English-speaking Hispanic participants in a major clinical trial responded better to antidepressant treatment than did their Spanish-speaking peers, but language preference is probably a marker for other medical and social factors, said a report in the November Psychiatric Services.

The study, a secondary analysis of the STAR*D study of depression treatments, points to the need for culturally informed approaches to psychiatric diagnosis and care, said Andres Pumariega, M.D., chair of the Department of Psychiatry at the Reading Hospital and Medical Center in Reading, Pa., who was not involved in the report.FIG1

"Psychiatrists and primary care physicians need training in a culturally specific understanding of illness, its cultural expression, and the signs and symptoms of illness for the population we are serving," said Pumariega, chair of APA's Committee of Hispanic Psychiatrists.

In the STAR*D study, researchers led by Ira Lesser, M.D., chair of psychiatry at Harbor-UCLA Medical Center in Los Angeles, sought to find out if Hispanic patients with major depressive disorder who preferred communicating in Spanish (n=74) differed in illness severity or response patterns compared with Hispanic patients who preferred speaking in English (n=121). The participants all were enrolled in the trial from two Southern California treatment sites and accounted for 60 percent of the Hispanics in the STAR*D trial.

Research coordinators who were both bilingual and bicultural assessed participants choosing Spanish, and bilingual and bicultural physicians managed their treatment with the antidepressant citalopram.

Before adjustment of confounding variables, the Spanish speakers were less likely to achieve remission and took longer to get there, wrote Lesser and colleagues. However, adjustment for demographic, clinical, functional, and severity variables eliminated those differences, indicating that those factors may be just the ones standing in the way of better outcomes for these patients, they said.

"[T]he poorer response by Spanish speakers may be related to factors such as their more disadvantaged socioeconomic status or higher medical burden, rather than their language preference per se," wrote the authors.

The Spanish speakers tended to be older and less educated than their counterparts who preferred using English, with lower incomes and a first major depressive episode occurring later in life.

"These baseline differences are consistent with what we know about Latinos with mental illness" who prefer to speak Spanish, said Pumariega. "They have more socioeconomic and medical illness burdens, but also show more chronicity of mental illness and a longer time to seeking treatment."

Part of that disparity may be due not only to socioeconomic issues but to a preference among Latinos for obtaining mental health care from primary care providers, who ordinarily know less about mental illnesses than specialists do, said Pumariega.

"Primary care physicians do not have the same skills as psychiatrists in diagnosing and treating depression, leading to a less-skilled approach to management of depression and possibly contributing to some disparities of outcomes," he said.

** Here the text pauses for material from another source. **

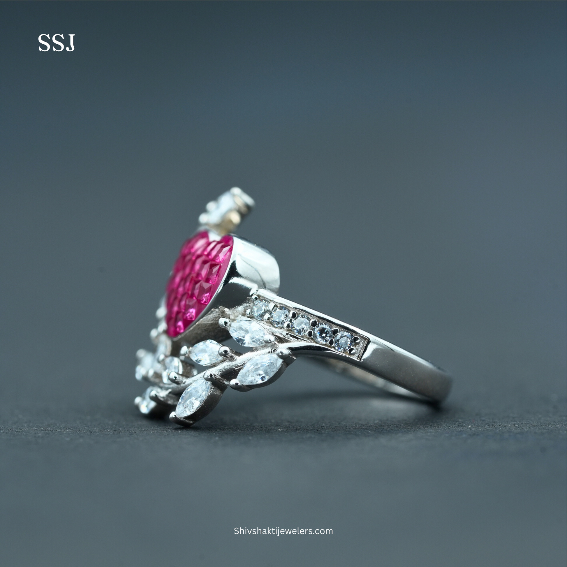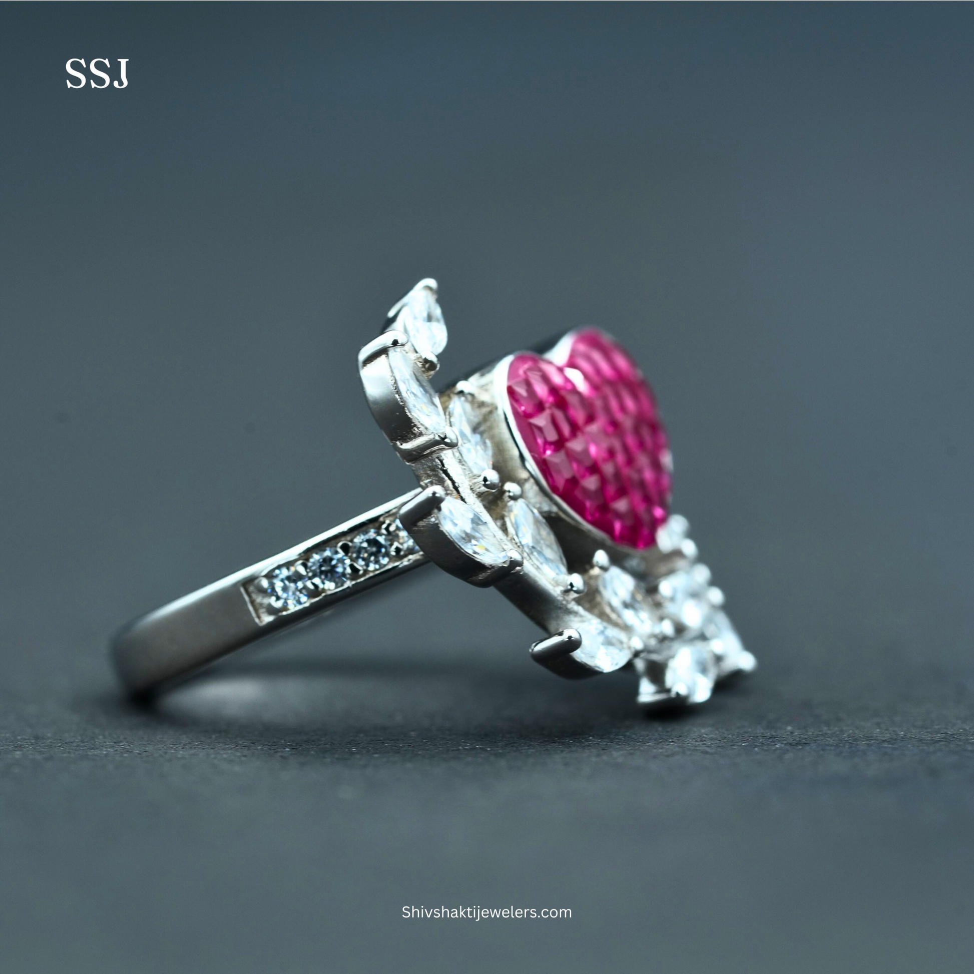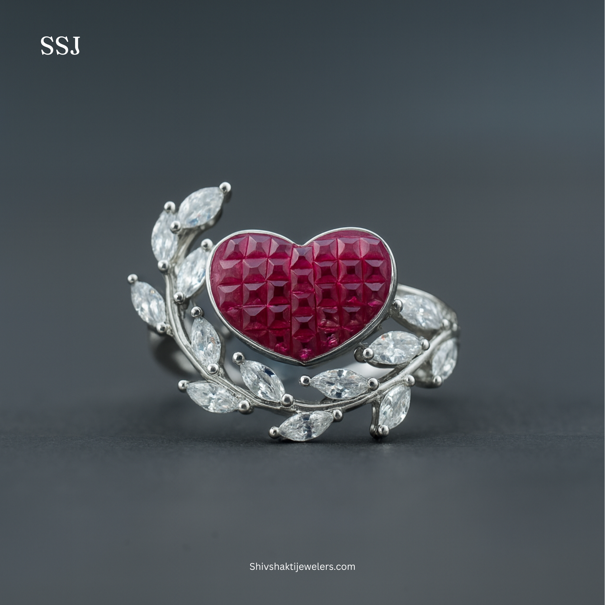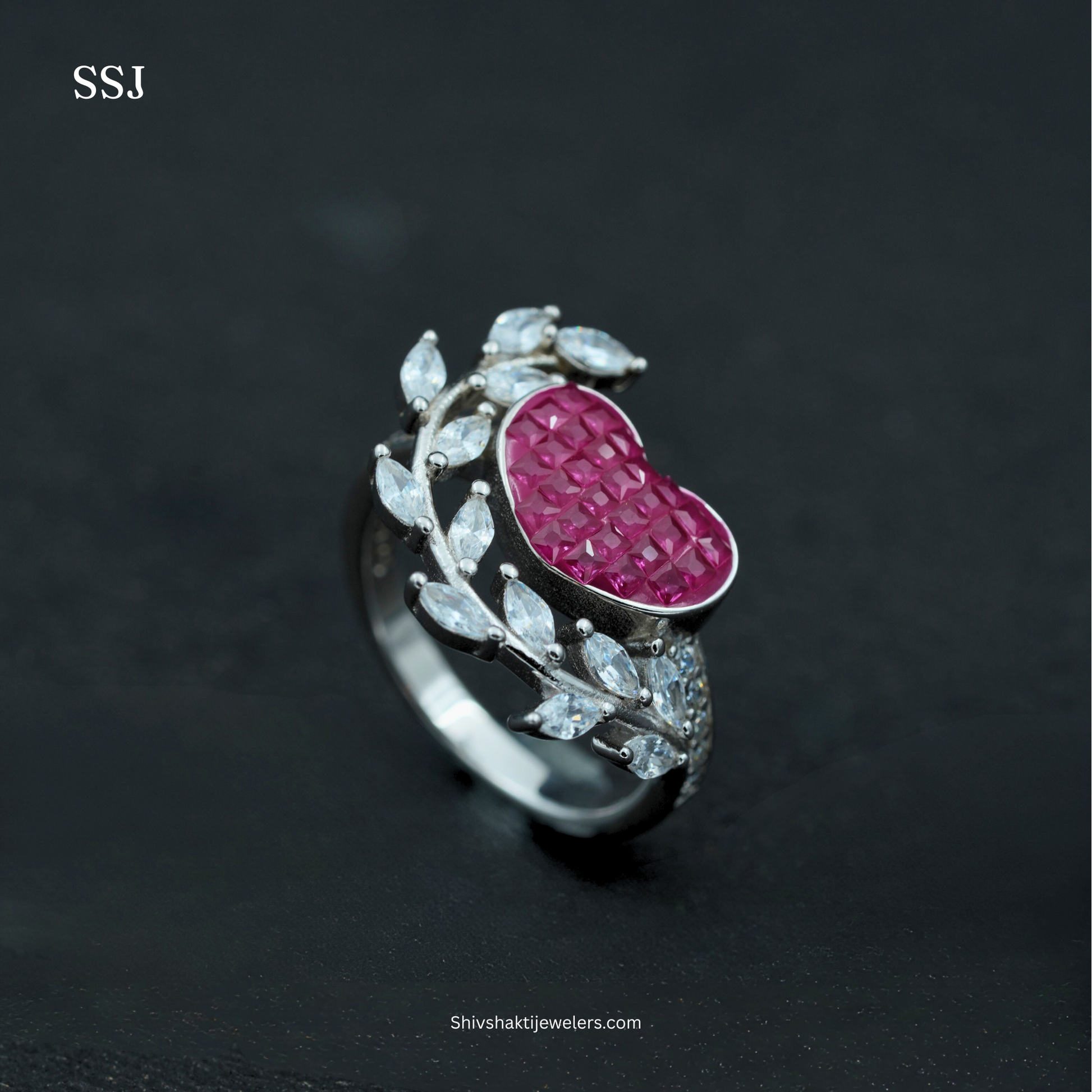 Fall in love with elegance. This premium 925 silver ring features a unique heart-shaped red gemstone, surrounded by intricately set marquise-cut white stones in a branch-like pattern. Perfect for gifting or adding romance to your everyday wear, this design speaks luxury with a modern twist.

Furthermore, a preference for primary care may have deep cultural roots. Among some Latinos, especially the less educated and the more recent arrivals in the United States, there is an added burden of stigma in seeking help, based on experiences in their ancestral countries. To them, seeing a psychiatrist is just the first step on a slippery slope to institutionalization, said Pumariega.

Another issue is the variation of subcultures collected under the single umbrella labeled "Hispanic" or "Latino." "A Cuban-American psychiatrist may well miss the meaning and context of a Mexican-American's story," said Pumariega.

Finally, many clinical trials may contain a subtle, invisible barrier despite all attempts to bridge the gap between researcher and subject, he said.

"It is assumed that Latinos have a clear conception of what depression means to the interviewer or psychiatrist," he said. "If they used culturally specific Spanish-language terms, the responses may have been different. You have to use terminology they use, not what is used in mainstream culture."